Asset quality continues to be the main priority
CoC remained manageable at 1.7% in 2Q24 (1Q24/2Q23: 1.5/4.7%), as Sharia portion of the CoC became negligible and asset quality improved, as shown by the NPL decline to 0.4% in 2Q24 (LaR at 3.3%). Management expects a slight uptick in NPL (but still below 1.0% in FY24) to cater to the higher portion of riskier loans in 2H24.
Strong loan and deposit growth in 2Q24
Loans grew 40% yoy to Rp15.7tr in 1H24 (+10% qoq), higher than the initially expected 30% yoy growth. Management reiterates its aim to focus on quality and is comfortable with slowing loan growth to the 30-35% range in FY24. The loan-to-GTF currently stands at approximately Rp3.1tr (from Rp1.7tr in Dec23), which is 80% of the GTF loan book. Management is willing to increase the cash/BNPL portion to around 60% (from 40% currently) in the future, partly supported by future direct lending. Deposits rose 12% qoq to Rp14.8tr (+47% yoy). Management stated that out of 10mn digital bank customers, around 37% are GOTO users, equivalent to c. 10-12% of total GOTO users.
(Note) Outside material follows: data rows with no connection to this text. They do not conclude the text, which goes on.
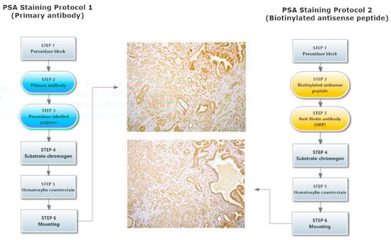 Figure 5. Two hPSA immunohistochemical staining protocols. The first is based on standard immunohistochemistry using a primary antibody (Protocol 1), while the second method is a novel procedure based on a biotinylated antisense peptide (Protocol 2).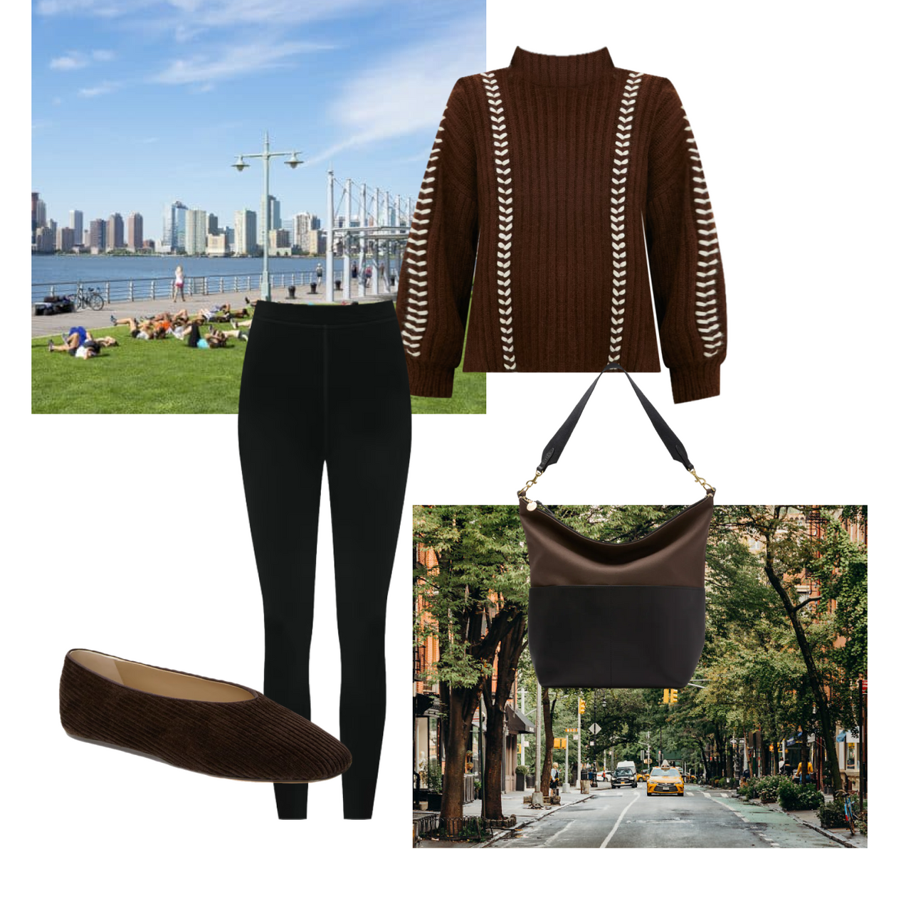 For a picnic by the Hudson River, think effortless yet stylish — slim leggings, an oversized knit, and flats, plus a tote for snacks and drinks.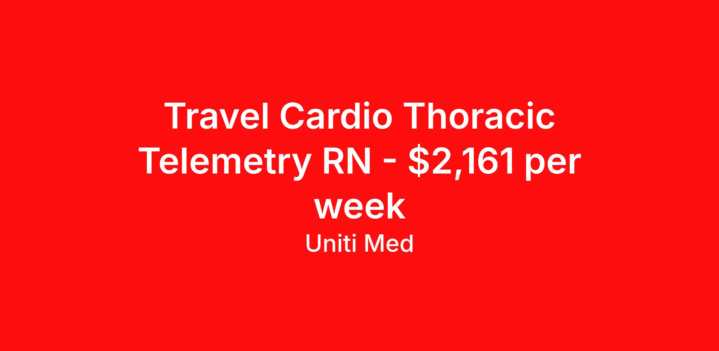Travel Cardio Thoracic Telemetry RN - $2,161 per week

Maintain Buy with a lower TP of Rp3,800
We trimmed our FY24-25F NP by 3.7-23.9% to factor in the lower NIM and lower CoC, and consequently lowered our TP to Rp3,800 (from Rp4,500 previously). Our TP is still based on our 3-stage DDM, with LTG assumption of 8.0% and CoE of 11.0% but with lower LT ROE to 16.7% (from 18.1%). We maintain our Buy rating, as we believe the bank’s steady improvement and customer loyalty will remain key drivers for the bank’s LT growth. Risks to our view are lower-than-expected loan growth and deteriorating asset quality.